Let $$PQ$$ be a focal chord of the parabola $$y^2 = 36x$$ of length 100, making an acute angle with the positive $$x-$$axis. Let the ordinate of P be positive and M be the point on the line segment PQ such that $$PM : MQ = 3 : 1$$. Then which of the following points does NOT lie on the line passing through M and perpendicular to the line $$PQ$$?

The parabola is $$y^2 = 36x$$, so $$4a = 36$$ and $$a = 9$$. The focus is at $$(9, 0)$$.

Finding points P and Q:

Using the parametric form: $$P = (9t^2, 18t)$$ and $$Q = (9/t^2, -18/t)$$ where $$t > 0$$ (since the ordinate of P is positive) and $$t_1 t_2 = -1$$ for a focal chord.

The length of the focal chord is:

$$|PQ| = 9\left(t + \frac{1}{t}\right)^2 = 100$$

Let $$u = t + 1/t$$. Then $$9u^2 = 100$$, so $$u = 10/3$$.

Also $$(t - 1/t)^2 = u^2 - 4 = 100/9 - 4 = 64/9$$, so $$t - 1/t = 8/3$$ (positive for acute angle with positive $$x$$-axis).

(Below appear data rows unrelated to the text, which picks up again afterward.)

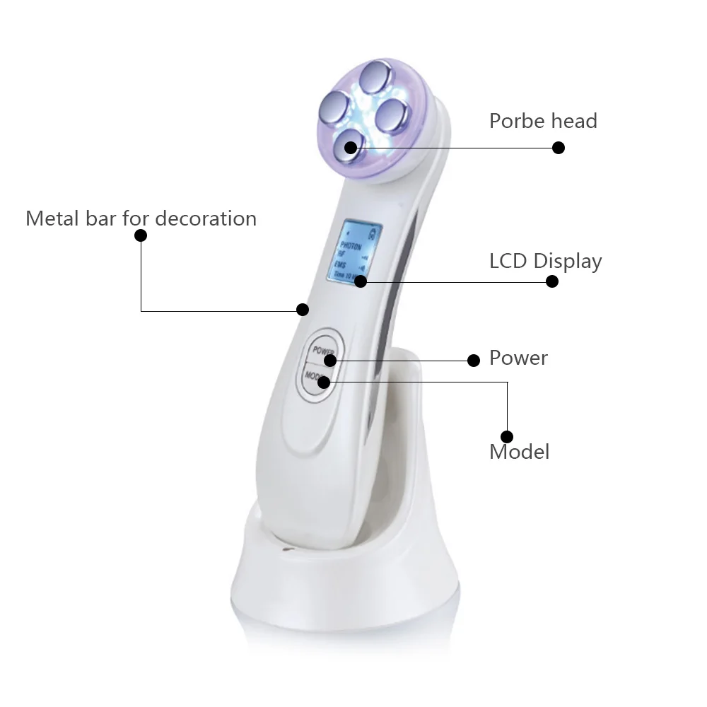 Электропорционный инструмент для красоты, фокусирует импорт электропорации, бесигольную мезотерапию, радиочастотный ток RF, микроволновые импульсы и IPL средство против акне пять основных технологий наконечника, позволяет синхронизировать решение многих лет проблем, и светящийся естественный молодой цвет вашей кожи!
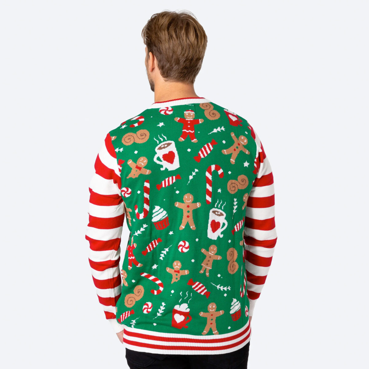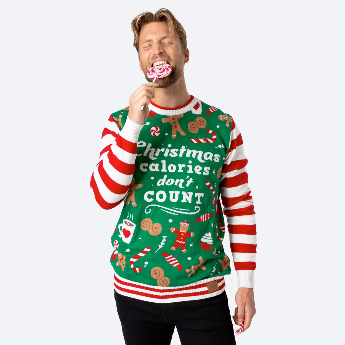 Met kerst hoef je je niet in te houden, want “Christmas Calories Don’t Count”! Ga dus gerust los tijdens het kerstdiner en snoep je een slag in de rondte. Na de kerst zien we wel weer verder, toch?! Deze geinige kersttrui met gestreepte armen en snoep-afbeeldingen heeft al een niet te missen design, maar is óók nog eens voorzien van LED verlichting!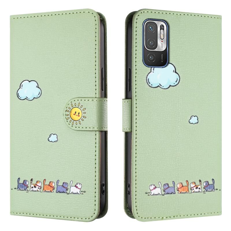 Θήκη τηλεφώνου από δέρμα με σχέδια χαριτωμένων γατών για Xiaomi Greenmi Note 10 JE (Κόκκινο)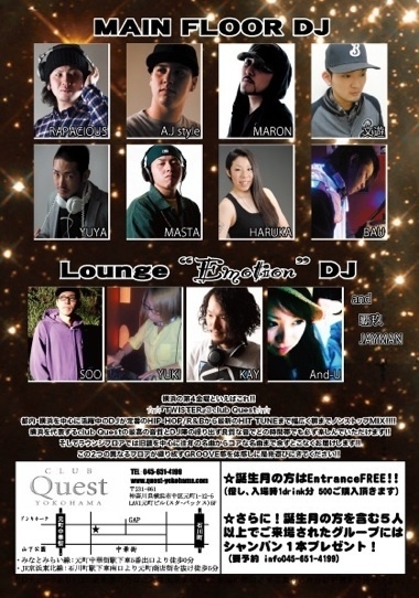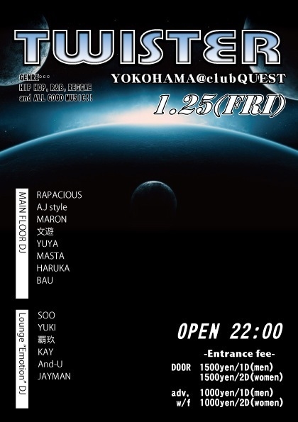 管理人様、告知失礼します! 横浜の第4金曜といえばこれ ☆☆『TWISTER』@club Quest☆☆ 都内・横浜を中心に各方面で活躍中のDJが定番のHIP-HOP/R&Bから最新のHIT TUNEまで幅広く朝までノンストップMIX!!!! 横浜を代表するclub Questの最高の音質とDJ陣の繰り出す良質な音でどの時間帯でも必ず楽しんでいただけます そしてラウンジフロアでは旧譜を中心に往年の名曲からコアな名曲まで余すとこなくお届けします この2つの異なるフロアが織り
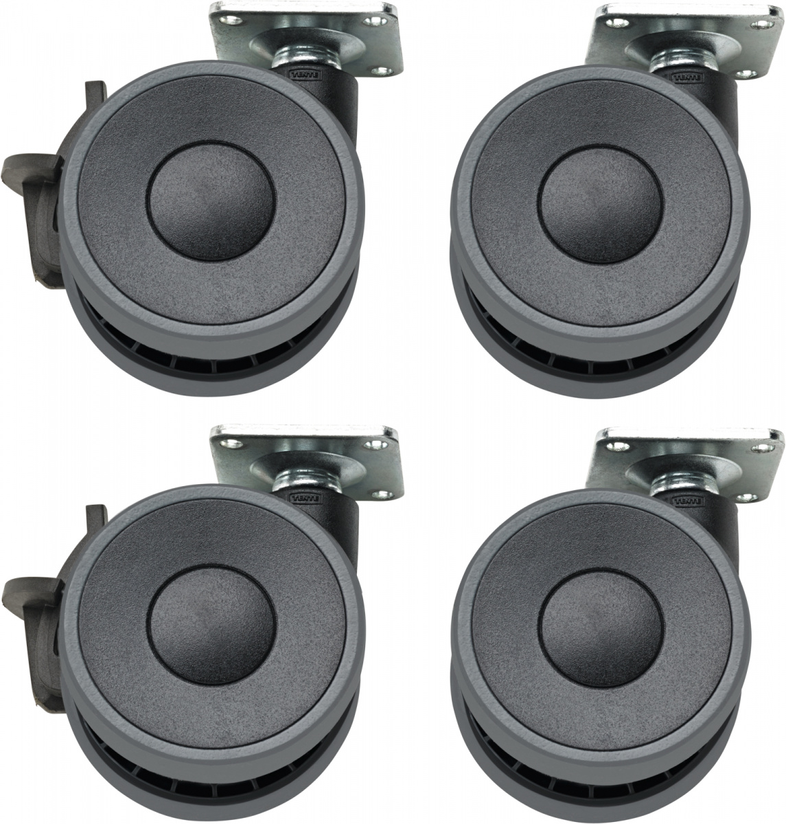 Sada koleček volitelné přísluenství, pro přepravu ve svislé poloze na 4 kolečkách, sestávající ze:4 otočných koleček, 2 z nich se zajiovací brzdou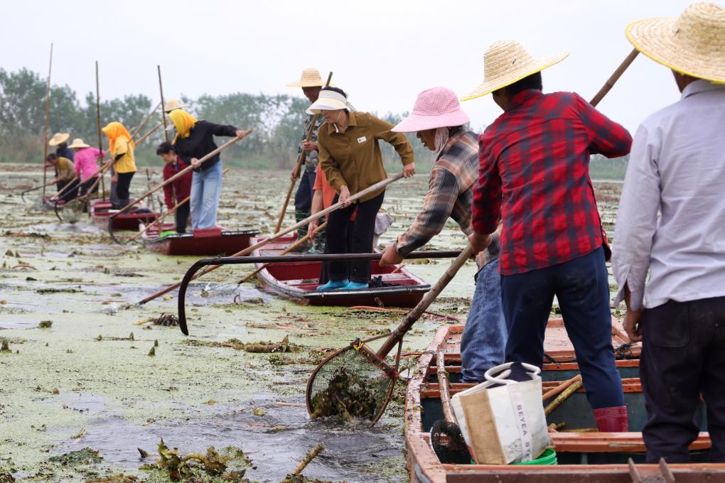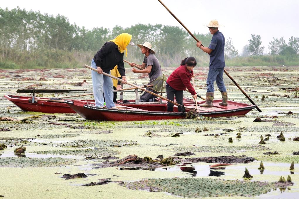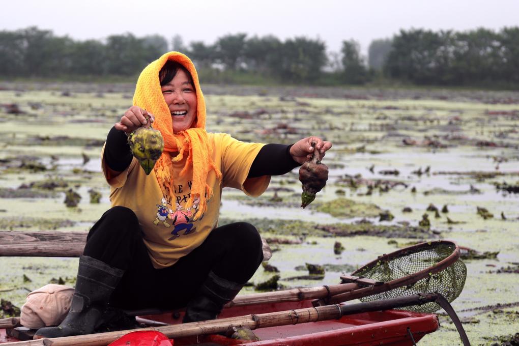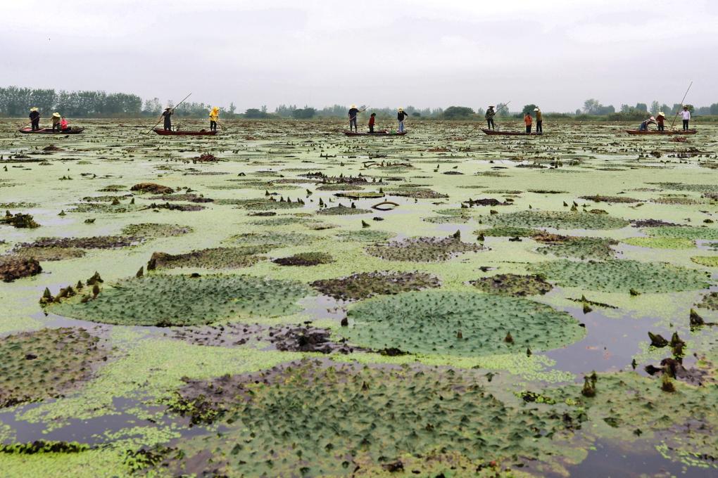 ↑2025年10月13日,江苏省盐城市建湖县九龙口镇九龙口村村民在采收芡实。CICPHOTO/李根 摄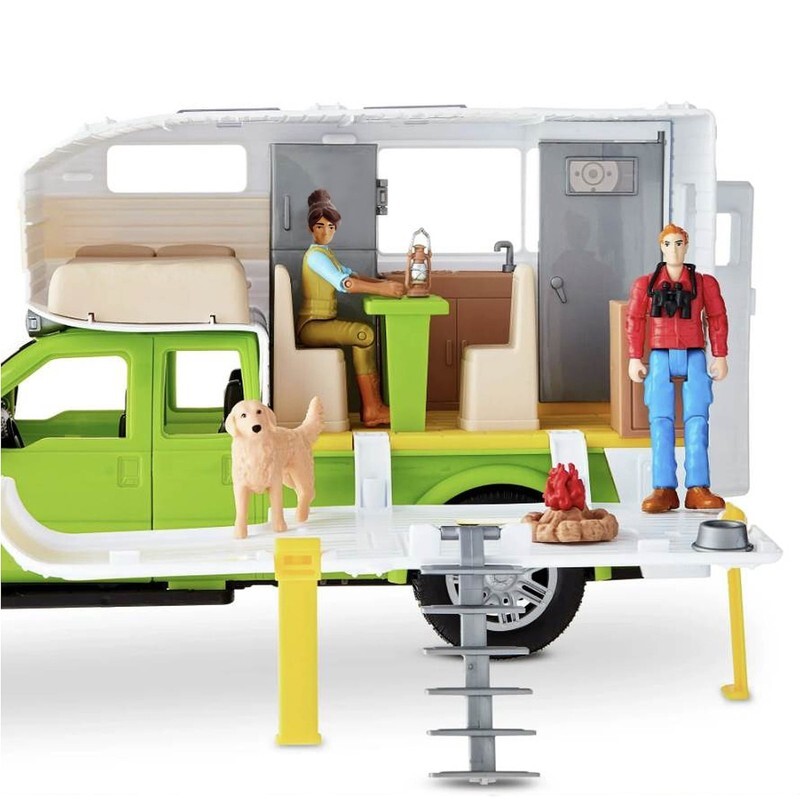 8-piece adventure set featuring a Ford F-350 truck with working lights and sounds (batteries included) Includes 2 poseable action figures, a loyal dog, lantern, binoculars, campfire, and feeding bowl Truck doors open and the side wall folds down for easy play access Interior features a cozy sleeping bed, kitchen stove, refrigerator, restroom, cabinet, table, and two chairs Press the steering wheel to activate lights and sounds for interactive fun Sounds include several fun phrases to boost imaginative storytelling and roleplay Officially licensed Ford truck for realistic play Great for both indoor and outdoor adventures Encourages imaginative storytelling?perfect for solo or group play A thoughtful and exciting gift for kids and families Designed for children ages 3 and up (contains small parts)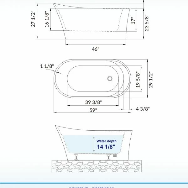 ✔ [DIMENSIONS AND SPECIFICATIONS]: Exterior Dimension: 59″ Long x 29 1/2″ Wide x 27 1/2″ Deep – Effective Tub Capacity: 55 Gallons , Brushed Nickel Drain and Overflow.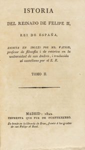 1822. LIBRO : (HISTORIA ESPAÑA). WATSON : ISTORIA DEL REINADO DE FELIPE II., REI DE ESPAÑA. Madrid : Imp. Fuentenebro, 1822. 2 vol. 8º.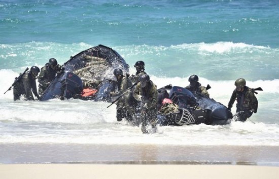 当地时间7月1日,美国夏威夷火奴鲁鲁,参与环太平洋军演的日本陆上自卫队士兵正在演练抢滩登陆。来自22个国家及6个观察员国的大约两万五千名士兵参加了'环太平洋—2014'军事演习。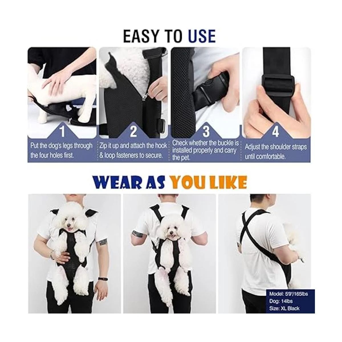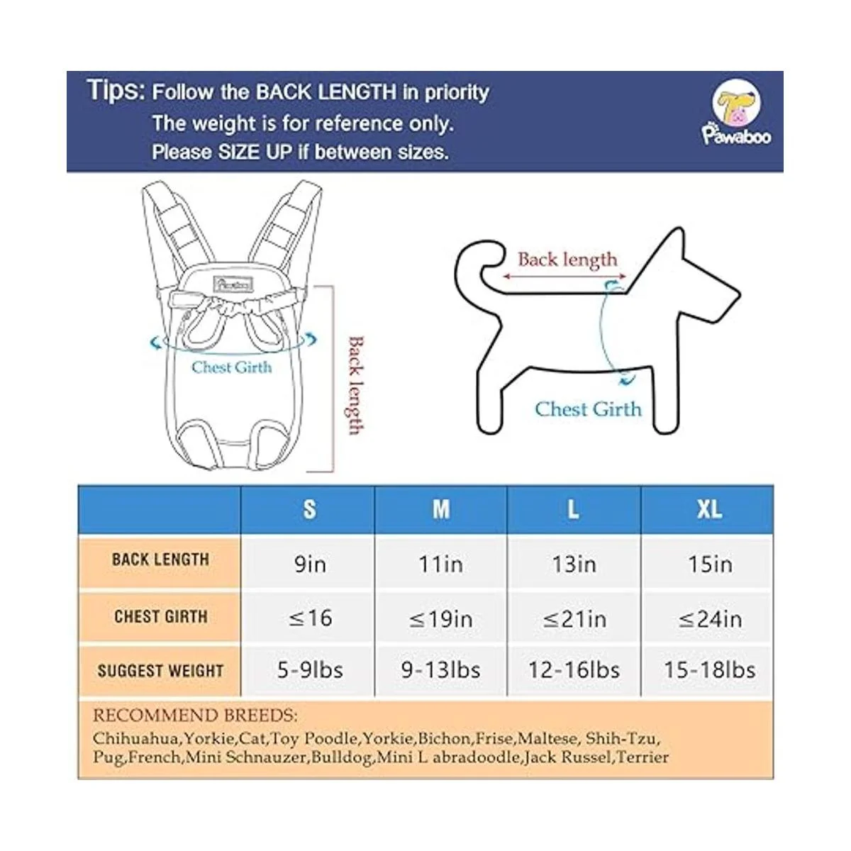 Recomendado para perros y gatos pequeños de menos de 15 libras : La mochila para perros Pawaboo está diseñada para transportar perros y gatos pequeños, lo recomendamos para cachorros que pesen menos de 15 libras un perro más grande puede suponer demasiado peso para el propietario. Mide a tus mascotas y elige según la tabla de tallas imagen 2.

Solving: $$t = 3$$, $$1/t = 1/3$$.

So $$P = (81, 54)$$ and $$Q = (1, -6)$$.

Verification: $$|PQ|^2 = (81-1)^2 + (54+6)^2 = 6400 + 3600 = 10000$$, so $$|PQ| = 100$$.

Finding point M:

$$PM : MQ = 3 : 1$$, so M divides PQ in ratio 3:1 from P:

$$M = \frac{1 \cdot P + 3 \cdot Q}{4} = \left(\frac{81 + 3}{4}, \frac{54 - 18}{4}\right) = (21, 9)$$

Line through M perpendicular to PQ:

Slope of PQ: $$\frac{54 - (-6)}{81 - 1} = \frac{60}{80} = \frac{3}{4}$$

Perpendicular slope: $$-\frac{4}{3}$$

Equation: $$y - 9 = -\frac{4}{3}(x - 21)$$, which simplifies to $$y = 37 - \frac{4}{3}x$$.

Checking each option:

Option A: $$(-6, 45)$$: $$y = 37 - \frac{4}{3}(-6) = 37 + 8 = 45$$. Lies on the line.

Option B: $$(6, 29)$$: $$y = 37 - \frac{4}{3}(6) = 37 - 8 = 29$$. Lies on the line.

Option C: $$(3, 33)$$: $$y = 37 - \frac{4}{3}(3) = 37 - 4 = 33$$. Lies on the line.

Option D: $$(-3, 43)$$: $$y = 37 - \frac{4}{3}(-3) = 37 + 4 = 41 \neq 43$$. Does NOT lie on the line.

The point that does NOT lie on the line is Option D: $$(-3, 43)$$.